In this architecture 200, sensor nodes 100, for example node 100a, can wake up at its own schedule, transmit directly a frame over the air interface to the intended receiver 100b's PROUD module. Receiver 100b, when waking up at its own schedule, will collect data stored by the PROUD module, and relay through its main radio to the next hop. This store and forward operation will result in multi-hop communications in an asynchronous manner. In addition to this radio-PROUD communication, radio-radio communication is possible in the architecture, and can be employed to supplement the main radio-PROUD communication method.

As will be detailed later, in this asynchronous communication, there is no need of any conventional MAC layer function such as carrier sensing and collision avoidance. A node will simply wake up and transmit immediately—the collision probability will be extremely low due to the full utilization of the time line (a node's communication is no longer limited to be within the active window). This will simplify the transmission and reception procedure and hence achieve energy efficiency. Note that this asynchronous communication architecture is intended for low data rate applications, such as humidity and temperature monitoring. In these applications, the sampling frequency of the physical environment is low and the data frame size generally is small. These well suits the characteristic of the described PROUD module and also benefit significantly the reduction of collision when nodes will randomly transmit.

Referring now to FIG. 3, a flow chart of a method 300 for asynchronous communication in accordance with yet another embodiment of the present invention is shown. The processor 108 and transmitter 102 are put into sleep mode in block 302. If incoming data is received, as determined in decision block 304, the data is received via the low power receiver in block 306 and the received data is stored in the receiver memory 114 in block 308. Thereafter, or if no data is received, as determined in decision block 304, and a wakeup time occurs, as determined in decision block 310, the transmitter 102 and the processor 108 are put in an operational mode in block 312. If however, it is not time to wakeup, as determined in decision block 310, the process continues to wait for incoming data in decision block 304 and to wake up in decision block 310. After the processor 108 and the transmitter 102 wake up, sensory data is obtained from the sensing module 106 in block 314, the sensory data is processed in block 316, the received data is obtained from the low power receiver memory 114 in block 318, and the processed sensory data and the received data are transmitted via the transmitter 102 in block 320. Thereafter, the transmitter 102 and the processor 108 are put in the sleep mode in block 302 and the process continues as previously described. Note that this method can be implemented using a computer program embodied on a computer readable medium wherein the steps are performed by one or more code segments.

The operations of a basic wireless sensor network overlaying this asynchronous communication architecture in accordance with another embodiment of the present invention will now be described in more detail.

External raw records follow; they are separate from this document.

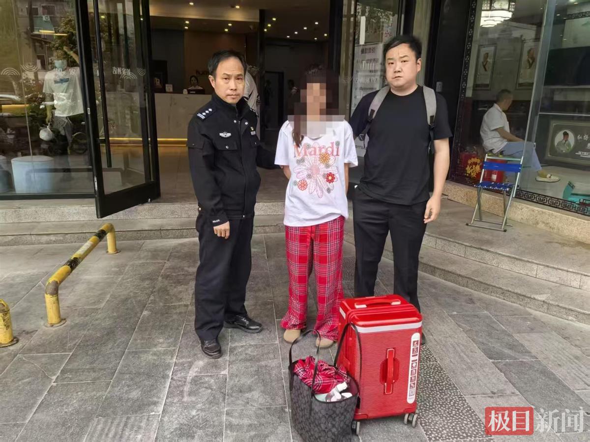 4月11日上午,民警来到江汉路某酒店,确认邓某住在该酒店。经过蹲守,邓某挎着挎包、提着行李箱走出酒店大堂。民警上前亮明身份:“警察,别动!”邓某吃了一惊,挎包掉落在地,各种开封的洗护用品散落了一地。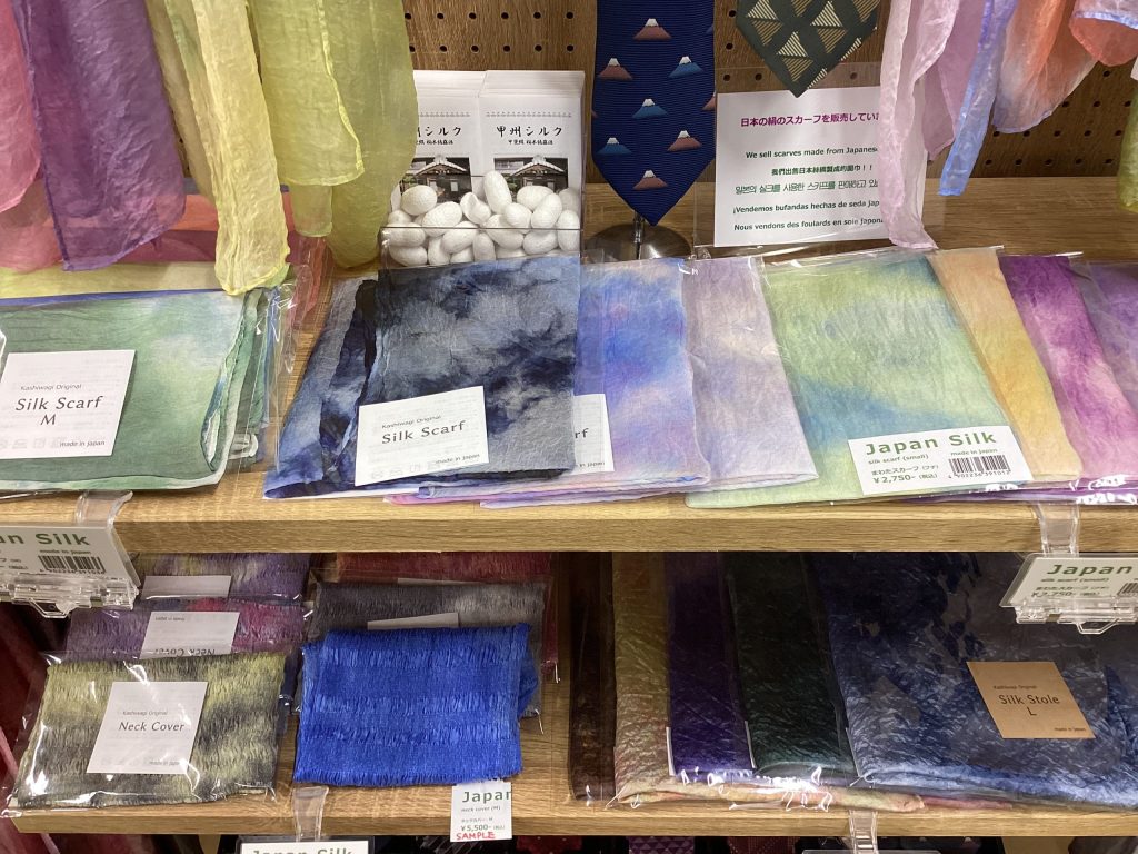 当店では、そんな甲州シルクを使った素敵な商品をお土産コーナーにて販売しています。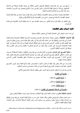 العدد الكلي لطلبات الترشح كان مرتفعًا، لكن قرابة 45% منها تم رفضها لأسباب شكلية. كما تم ملاحظة التراجع في عدد المرشحات النساء في مختلف الرتب القضائية.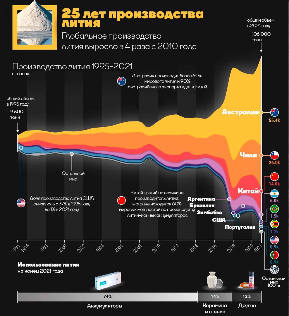 Мировое производство лития впервые превысило 100 000 тонн в 2021 году, увеличившись в четыре раза по сравнению с 2010 годом. Более того, примерно 90% его приходится всего на три страны.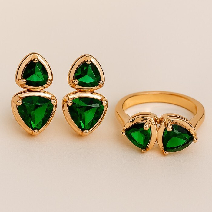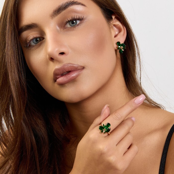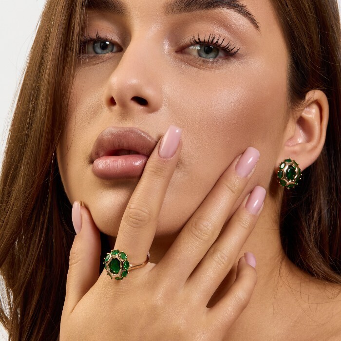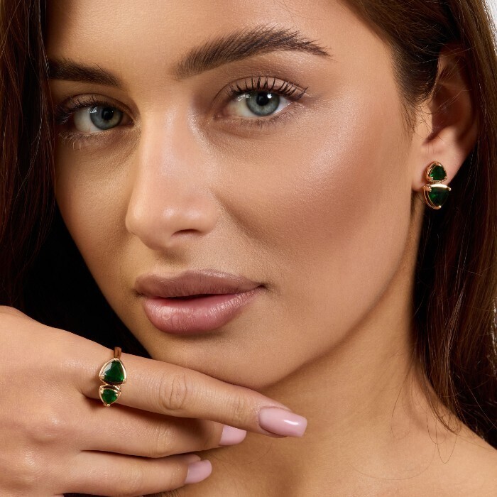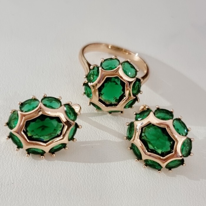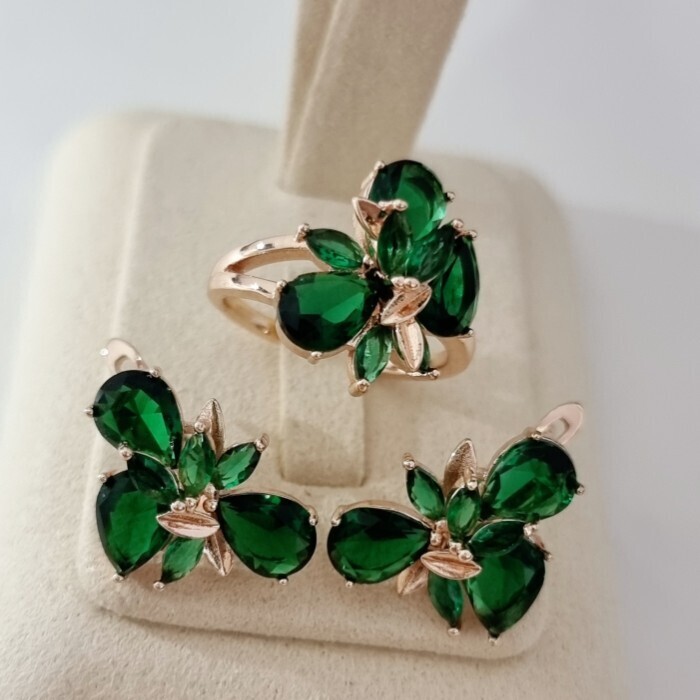 Комплект ювелирной бижутерии коллекция "Дубай" серьги и кольцо 17 р, покрытие позолота, вставка: стекло, цвет: зеленый, арт.215.560-17 2 фото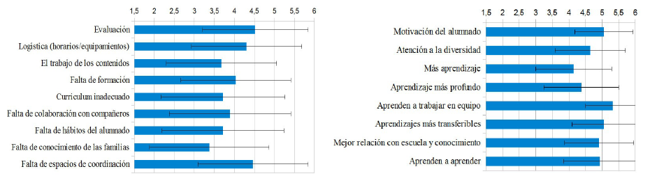El profesorado participante destaca, en los portfolios y encuestas, como valores positivos de la metodología ABP que mejora la motivación y el compromiso personal, y la autonomía (aun así, sólo en 26 de los proyectos presentados el alumnado participa de manera significativa en la planificación, y ninguno de los 4 perfiles identificados lo hace). Los resultados ponen de manifiesto una importante preocupación en relación a cómo evaluar a los alumnos. Existe un conflicto entre la evaluación del grupo y la individual, ya que efectivamente es complicado tener una visión individualizada del aprendizaje a partir de productos colectivos, y también entre la evaluación del proceso o del producto final. A algunos profesores también les preocupa organizar el centro o poder cumplir el currículum trabajando siempre por proyectos, esto se detecta tanto en los portfolios como en la encuesta. Sin embargo, algunas experiencias muestran que sí es posible trabajar mediante proyectos la totalidad del currículo y que las objeciones a estas metodologías por razones de tiempo no tienen fundamento (Domènech-Casal 2017c, Trujillo 2016).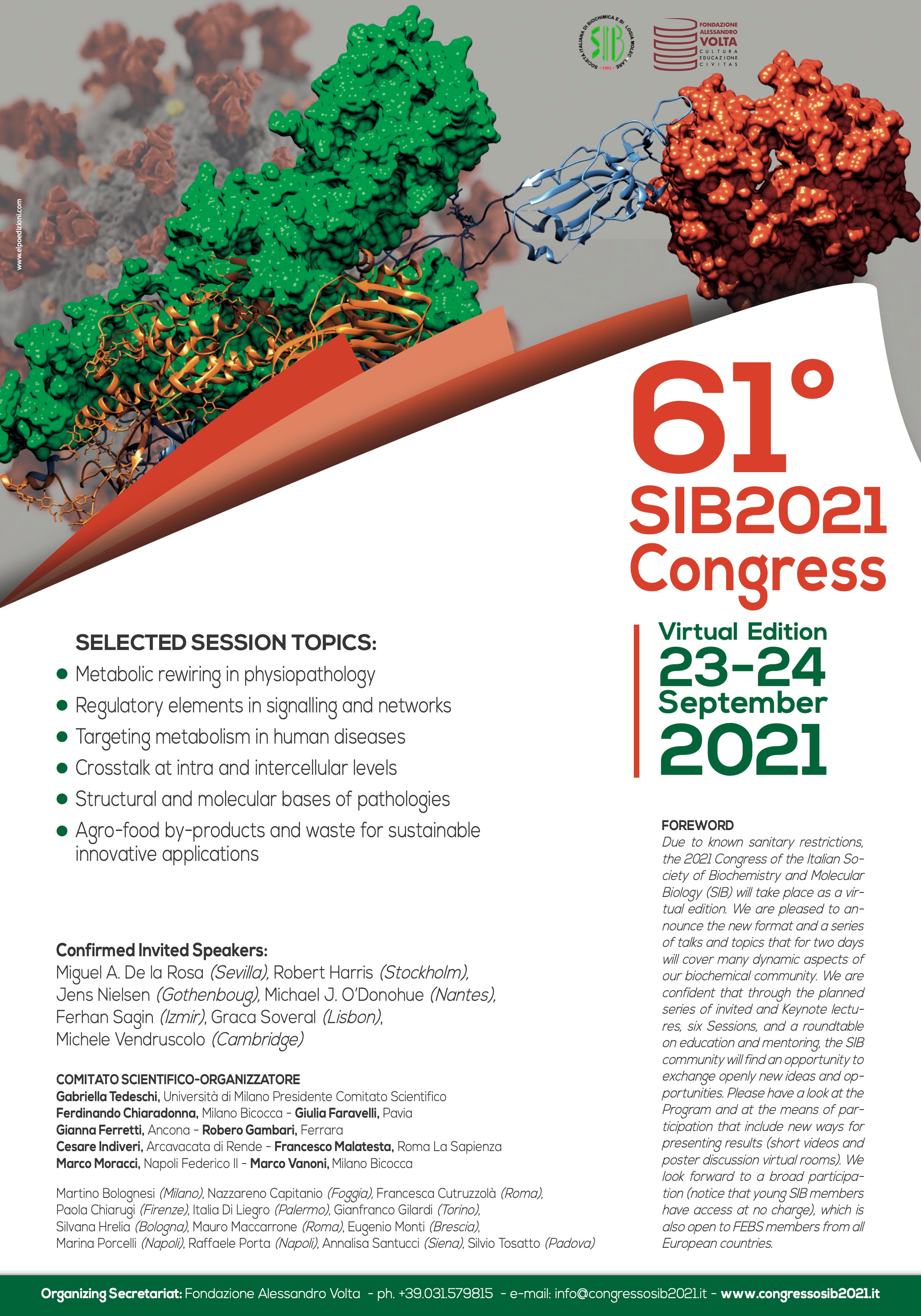 We are pleased to announce the new format and a series of talks and topics that for two days will cover many dynamic aspects of our biochemical community. We are confident that through the planned series of invited and Keynote lectures, six Sessions, and a roundtable on education and mentoring, the SIB community will find an opportunity to exchange openly new ideas and opportunities.

Bootstrapping: Upon deployment, each sensor will remain awake for an extended period of time, performing initialization functions including neighbor and route discovery, synchronization, cluster formation, and localization. Notice that during this period of time, radio-radio or radio-PROUD communications can both be employed. The network operation during this bootstrapping phase shall be similar to traditional sensor networks as communications are synchronized between a receiver and a transmitter.

Sensing and Information Reporting: After the bootstrapping phase, each sensor node will select an initial wake up time t uniformly random over [0, T], where T denotes the cycle of each sensory data reporting round. Note that different distributions can be designated to achieve various objectives. Each sensor will then periodically wake up after T time to report its data, by unicasting through the sensor radio to the next hop's PROUD module, or performing multicast as demanded. Naturally, data received by the PROUD module from other nodes shall also be relayed during this time period, likely after aggregation.

Single Hop Operations: A sensor node will perform the following operations upon wake up.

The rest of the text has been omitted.